Tranexamic Acid in Knee Joint Surgery

Phase 4

Completed

Conditions: Osteoarthritis

Interventions: Drug: Tranexamic Acid
Drug: Normal saline (0.9% NaCl)

Registration Number: NCT02278263

Lead Sponsor: Andrew G Hill, MBChB, MD (Thesis), EdD, FACS, FRACS

Brief Summary: Total knee joint replacement surgery can lead to significant blood loss, which can affect recovery after surgery. Tranexamic acid (TXA) is a medication which stops the breakdown of blood clots and therefore prevents blood loss. The optimal use of TXA remains a point of debate. Growing interest in the topical application of TXA (directly into the surgical wound) has been suggested as an alternative way of administering TXA, and may demonstrate similar effectiveness as when it is given intravenously. Therefore, this multicentred, randomized controlled trial, aims to investigate the safety and effectiveness of both topical and intravenous administrations of TXA in total knee joint surgery. The investigators predict that both routes of administration will demonstrate similar results when compared to placebo.

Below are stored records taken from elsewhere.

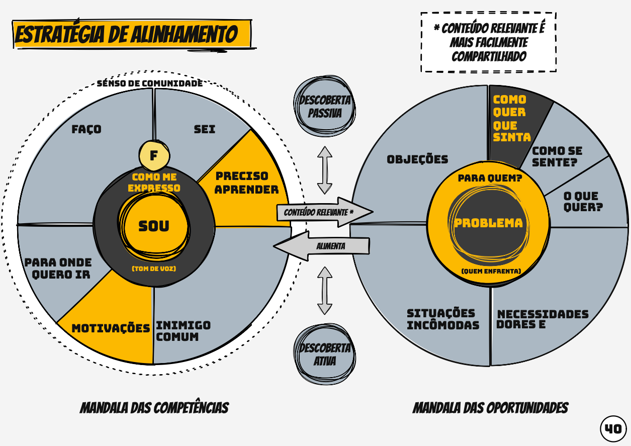 De um lado, a Mandala das Competências. Representa o que você é, sabe, faz e quer aprender; do outro, a Mandala das Oportunidades. Resume o que o público sente, precisa e quer resolver com sua ajuda.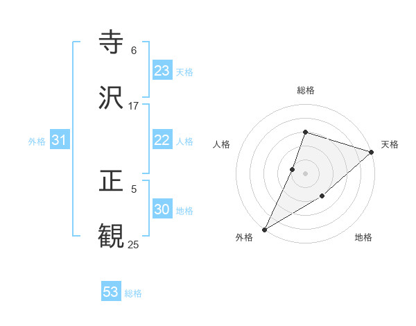 寺沢 正観さんの総格は53画の3点!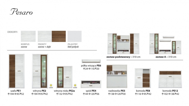Przedmiotem oferty jest nowoczesna i unikalna meblościanka z systemu Pesaro. System mebli pokojowych Pesaro kierowany jest przede wszystkim do miłośników piękna i komfortu. Spokojna, stonowana kolorystyka dębu, sosny i bieli, prostota brył, eleganckie wykończenie, solidne wykonanie to tylko niektóre zalety tej kolekcji. Największym atutem jest z pewnością niespotykany styl i wzornictwo tych mebli. Kolekcja pozawala na aranżowanie wielu wnętrz, w zależności od potrzeb klienta, każdy mebel dostępny jest także jako oddzielny element. Warto zwrócić uwagę również na trwałe wykonanie z wykorzystaniem materiałów dobrych gatunkowo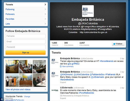 The embassy’s Twitter account, @UKinColombia, repeatedly issued tweets containing the name advertising a debate on the future of the fought-over islands.

Detailed Description: Postoperative anaemia following elective arthroplasty can lead to prolonged hospital stay, delays in rehabilitation and is often poorly tolerated in patients with cardiovascular disease.(1) Tranexamic acid (TXA) in arthroplasty is used by many orthopaedic surgeons to reduce perioperative blood loss and subsequent transfusion of blood products in elective total hip and knee arthroplasty (THA and TKA). In several reviews, systemic TXA (sTXA) significantly reduces blood loss and transfusion rates when compared to placebo, without an increased risk for venous thromboembolism (VTE).(2-4)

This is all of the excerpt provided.